» Work to complete
Repeat the listing below line by line, exactly, leaving its pictures behind.

» Input data
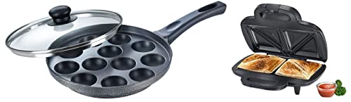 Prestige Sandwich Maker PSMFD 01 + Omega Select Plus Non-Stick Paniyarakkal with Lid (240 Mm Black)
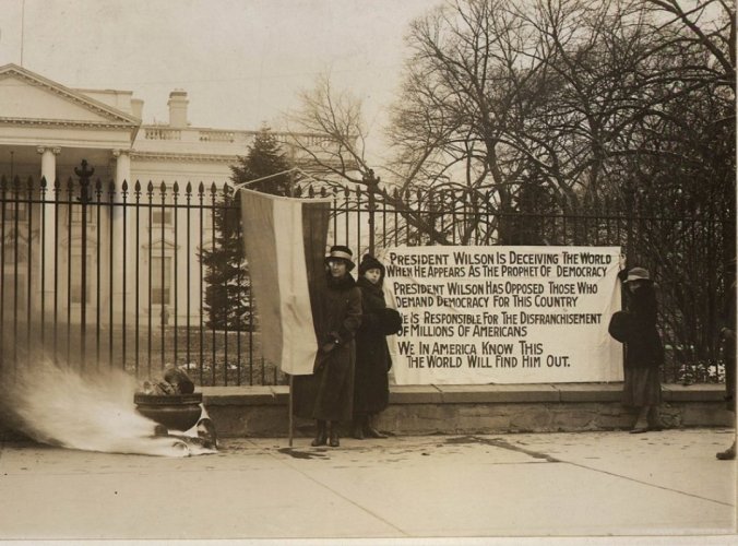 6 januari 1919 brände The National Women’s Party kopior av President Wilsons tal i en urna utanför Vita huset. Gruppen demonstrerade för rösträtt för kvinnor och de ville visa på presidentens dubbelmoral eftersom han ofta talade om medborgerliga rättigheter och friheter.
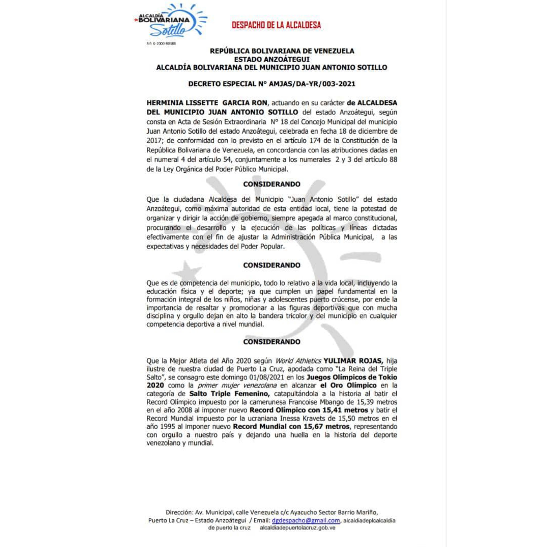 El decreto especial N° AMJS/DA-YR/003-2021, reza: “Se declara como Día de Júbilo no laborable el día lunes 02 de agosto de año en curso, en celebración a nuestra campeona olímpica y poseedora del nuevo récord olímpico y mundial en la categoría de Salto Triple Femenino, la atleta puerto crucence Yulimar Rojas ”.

» Your solution
 Prestige Sandwich Maker PSMFD 01 + Omega Select Plus Non-Stick Paniyarakkal with Lid (240 Mm Black)
 6 januari 1919 brände The National Women’s Party kopior av President Wilsons tal i en urna utanför Vita huset. Gruppen demonstrerade för rösträtt för kvinnor och de ville visa på presidentens dubbelmoral eftersom han ofta talade om medborgerliga rättigheter och friheter.
 El decreto especial N° AMJS/DA-YR/003-2021, reza: “Se declara como Día de Júbilo no laborable el día lunes 02 de agosto de año en curso, en celebración a nuestra campeona olímpica y poseedora del nuevo récord olímpico y mundial en la categoría de Salto Triple Femenino, la atleta puerto crucence Yulimar Rojas ”.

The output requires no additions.